You Only Have $5. What is the Best Way to Invest and Grow your Money?

The following answer by Visakan Veerasamy found in Quora teaches you how you can grow your money when you only have $5.

I remember reading Tina Sellig’s (executive director of the Stanford Technology Ventures Program) book- What I wish I knew when I was 20. (I don’t know Tina, though I wish I did, and I love her book.)

She gave her students the exact same problem. Here are her words, with my emphasis. If you don’t have time to read the whole thing, just skim and read the words in bold.

“What would you do to earn money if all you had was five dollars and two hours? This is the assignment I gave students in one of my classes at Stanford University, as part of the Stanford Technology Ventures Program…

Each of fourteen teams received an envelope with five dollars of “seed funding” and was told they could spend as much time as they wanted planning. However, once they cracked open the envelope, they had two hours to generate as much money as possible. I gave them from Wednesday afternoon until Sunday evening to complete the assignment.
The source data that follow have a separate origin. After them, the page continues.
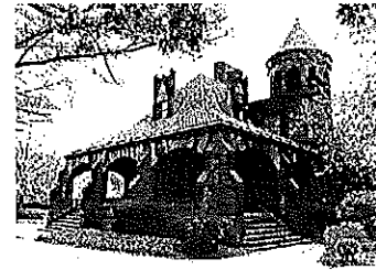
Riverside Cemetery Office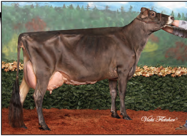
VANDBERG AMEDEO NATASHA, EX 95-5E (CAN) Grandam of Lot 23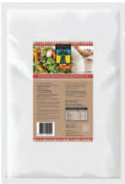
Cooked Wholegrain Freekeh

Our traditional wholegrain Freekeh, cracked to offer a quicker cooking time and crunchier texture.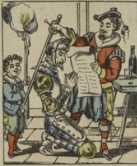
Don Quichotte asks an innkeeper to confer upon him the title of knighthood.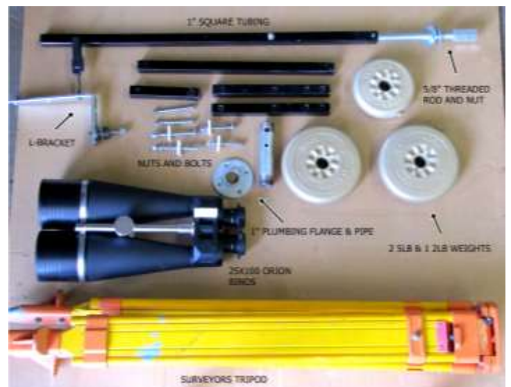
Parallel Mount Components.

work. I found 12 lbs. worked nicely. I made a hook affair out of a piece of threaded rod to suspend the weights from the long arm of my parallelogram mount. This 'final' job done, I packed up and headed to Keji for their launching of Boxing Rock's "Dark as Keji Beer".

Then, on Sunday evening, each team had to send me one slide describing what they had done, and on Monday afternoon each team had three minutes to present their project to the class. They were encouraged to be entrepreneurial by identifying opportunities, challenging assumptions, leveraging the limited resources they had, and by being creative.

las vegas

    What would you do if you were given this challenge? When I ask this question to most groups, someone usually shouts out, “Go to Las Vegas,” or “Buy a lottery ticket.” This gets a big laugh.. These folks would take a significant risk in return for a small chance at earning a big reward.

    lemonadestand

      The next most common suggestion is to set up a car wash or lemonade stand, using the five dollars to purchase the starting materials. This is a fine option for those interested in earning a few extra dollars of spending money in two hours.

      But most of my students eventually found a way to move far beyond the standard responses. They took seriously the challenge to question traditional assumptions—exposing a wealth of possibilities—in order to create as much value as possible.

      How did they do this? Here’s a clue: the teams that made the most money didn’t use the five dollars at all. They realized that focusing on the money actually framed the problem way too tightly. They understood that five dollars is essentially nothing and decided to reinterpret the problem more broadly: What can we do to make money if we start with absolutely nothing? 

      They ramped up their observation skills, tapped into their talents, and unlocked their creativity to identify problems in their midst—problems they experienced or noticed others experiencing—problems they might have seen before but had never thought to solve. These problems were nagging but not necessarily at the forefront of anyone’s mind. By unearthing these problems and then working to solve them, the winning teams brought in over $600, and the average return on the five dollar investment was 4,000 percent! If you take into account that many of the teams didn’t use the funds at all, then their financial returns were infinite.

      queuing up

        So what did they do? All of the teams were remarkably inventive. One group identified a problem common in a lot of college towns—the frustratingly long lines at popular restaurants on Saturday night. The team decided to help those people who didn’t want to wait in line. They paired off and booked reservations at several restaurants. As the times for their reservations approached, they sold each reservation for up to twenty dollars to customers who were happy to avoid a long wait. 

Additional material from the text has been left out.